PROVIDED DATA —
---
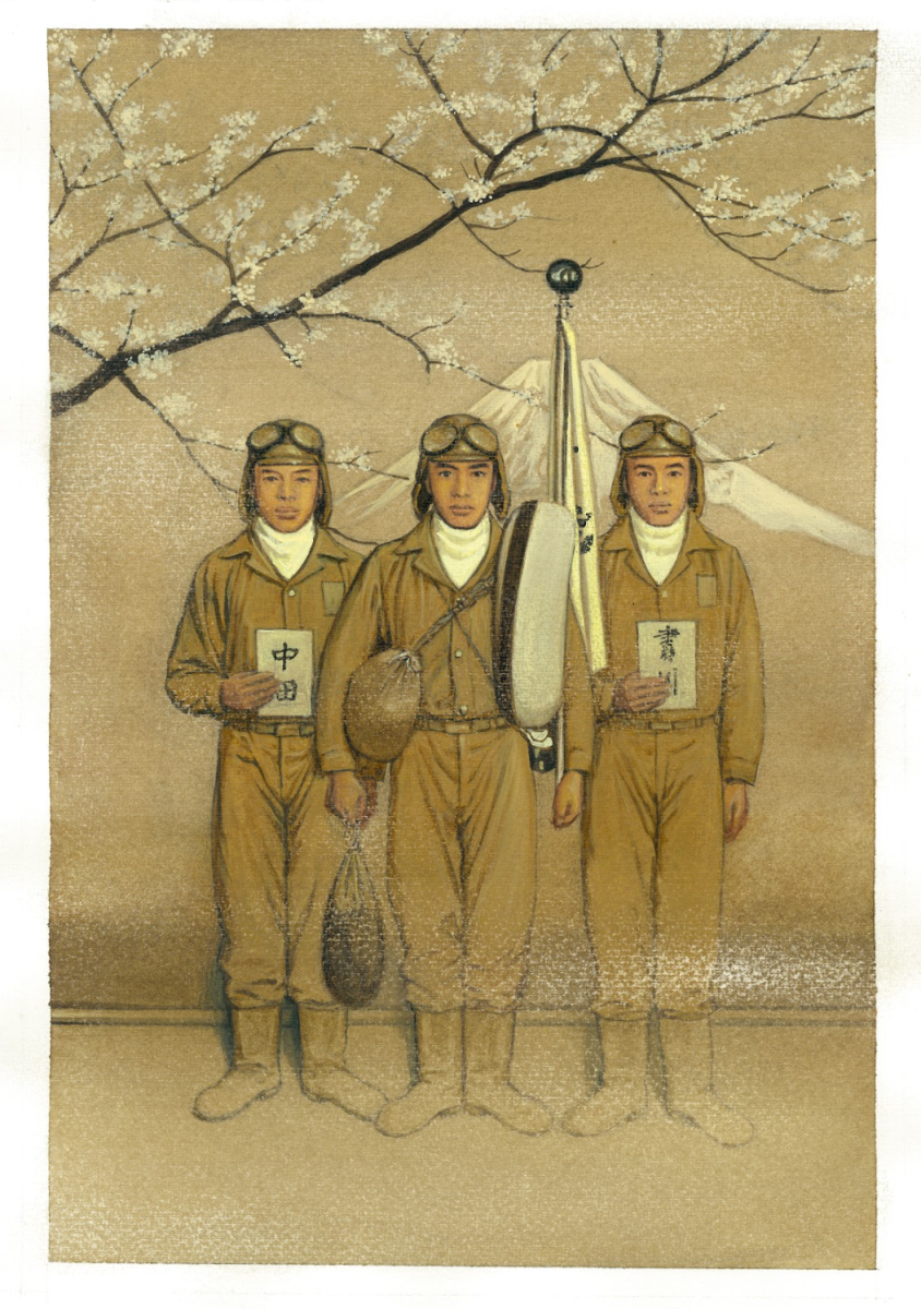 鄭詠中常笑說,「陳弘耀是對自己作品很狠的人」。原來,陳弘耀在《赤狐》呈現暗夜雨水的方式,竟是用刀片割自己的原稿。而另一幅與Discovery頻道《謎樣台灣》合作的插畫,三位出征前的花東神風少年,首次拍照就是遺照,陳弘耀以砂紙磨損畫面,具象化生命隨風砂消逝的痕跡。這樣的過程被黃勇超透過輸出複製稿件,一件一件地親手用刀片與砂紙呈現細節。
---
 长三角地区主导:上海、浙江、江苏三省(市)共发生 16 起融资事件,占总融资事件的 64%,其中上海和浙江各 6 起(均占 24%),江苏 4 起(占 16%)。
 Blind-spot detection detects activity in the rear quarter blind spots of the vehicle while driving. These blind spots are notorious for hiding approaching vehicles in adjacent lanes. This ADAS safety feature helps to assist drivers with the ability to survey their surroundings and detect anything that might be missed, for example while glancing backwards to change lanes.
---
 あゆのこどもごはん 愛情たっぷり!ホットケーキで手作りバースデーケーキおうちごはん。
---
Write out, from the lines above, only those from the line with "长三角地区主导:上海、浙江、江苏三省(市)共发生 16 起融资事件,占总融资事件的" to the line with "Blind-spot detection detects", exactly as given, including the first and the last.

 长三角地区主导:上海、浙江、江苏三省(市)共发生 16 起融资事件,占总融资事件的 64%,其中上海和浙江各 6 起(均占 24%),江苏 4 起(占 16%)。
 Blind-spot detection detects activity in the rear quarter blind spots of the vehicle while driving. These blind spots are notorious for hiding approaching vehicles in adjacent lanes. This ADAS safety feature helps to assist drivers with the ability to survey their surroundings and detect anything that might be missed, for example while glancing backwards to change lanes.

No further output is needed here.